No último dia 12 de maio o Guia BABoK v3 foi liberado para revisão pública. Dado o tempo de maturação – cinco anos se passaram desde a última atualização – a expectativa era a de um grande salto qualitativo. Ao contrário do que ocorreu entre as versões 1.6 e 2.0, a evolução é bastante perceptível. Infelizmente, há alguns poréns.

Comecemos pelas boas novas. As definições básicas foram todas revistas. A verborragia que tanto atrapalhava e comprometia o entendimento do guia foi, em grande parte, eliminada. Tomemos como exemplo a própria definição da Análise de Negócios: ela foi abreviada de 43 para 27 palavras. Sai aquele papo sobre “…atividades e técnicas para servir como ligação entre parte interessadas…” – um terror, e entra “viabilizar mudanças em organizações através da definição de necessidades e recomendação de soluções”. Boa!

A nova versão também troca a definição de Requisito proposta pelo IEEE por uma bem mais enxuta: “representação utilizável de uma necessidade”. Enxuta e curiosa. Porque prevalece um entendimento técnico em detrimento da definição fixada em dicionários. Requirement, segundo o Oxford, é uma “coisa necessária ou desejada”. Aqui no Brasil tomamos a liberdade de traduzir Requirement como Requisito, termo que o Houaiss define como uma “condição para alcançar determinado fim”. A Navalha de Occam adaptada para analistas de negócios ensina que, na dúvida (entre definições de um mesmo termo), deve prevalecer o que facilita a vida de uma pessoa de negócios, não a do técnico. Por isso termos como “requisitos não funcionais” deveriam ser abolidos ou apresentados com ressalvas e as devidas adaptações para leigos. Infelizmente, isso não ocorreu.

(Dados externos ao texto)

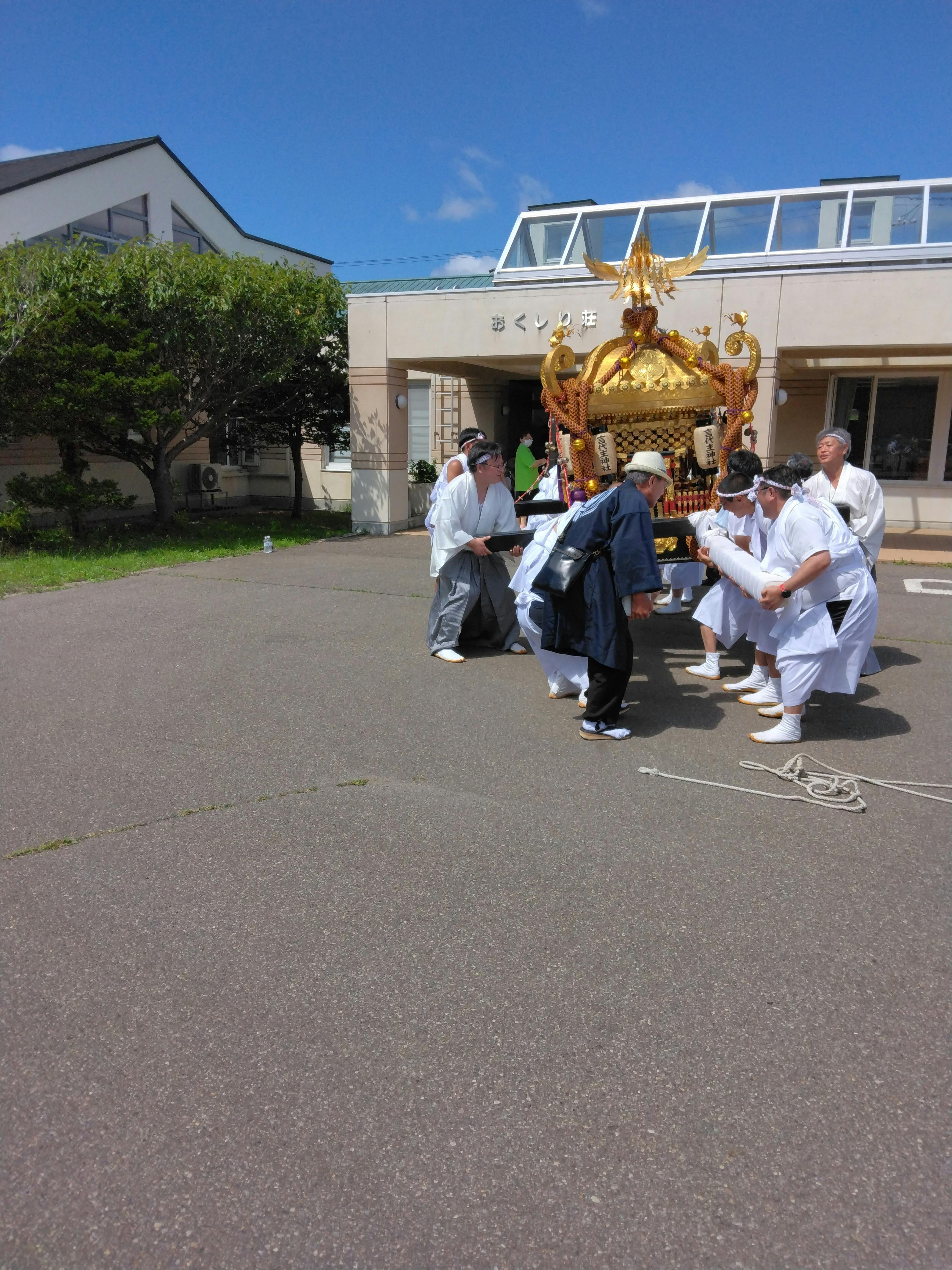 こんにちは!青苗の事代主神社の7年ぶりのお祭りの光景です、老人ホームの前です。8月13日の1日でしたが猿田彦、お神輿、山車が街を練り歩きました。これからは継続は力なりですね。まだ総代長です。早く島の財産を後世に渡したい。明上雅孝。

E não se trata de um mero detalhe. Se uma das maiores contribuições de um analista de negócios é a comunicação eficiente e eficaz, o primeiro passo é a adoção de um vocabulário livre do tecniquês e de jargões. Noves fora, o fato é que a simplificação apresentada na nova versão merece aplausos.

Escorando a Estrutura

A estrutura básica, com seis disciplinas (KA – Knowledge Areas) e um “repositório universal” (Competências Fundamentais) está mantida. Alguns nomes sofreram alterações, como Análise Estratégica ao invés de Análise Corporativa. Pequenas alterações que não são apenas cosméticas porque facilitam o entendimento¹.

Uma das novidades na estrutura do BABoK é o BACCM (Business Analysis Core Concept Model – Modelo de Conceitos Centrais). O modelo é formado por seis termos apresentados na seguinte ordem: Mudança, Solução, Contexto, Valor, Partes Interessadas e Necessidades. Uma mudança em um desses “lugares” forçaria uma revisão nas outras cinco “dimensões”. E isso facilitaria uma visão holística.

Honestamente, não entendi bem a novidade. E o checklist que a encerra dá certo frio na espinha – irão os decorebas adotá-lo, para pesadelo das partes interessadas em busca de soluções para problemas que em dado contexto mutante devem gerar algum valor? Não sei se é a santa obviedade que me trai. Ou meus pré-conceitos. De qualquer forma, melhor esperar por experiências ou outras explicações.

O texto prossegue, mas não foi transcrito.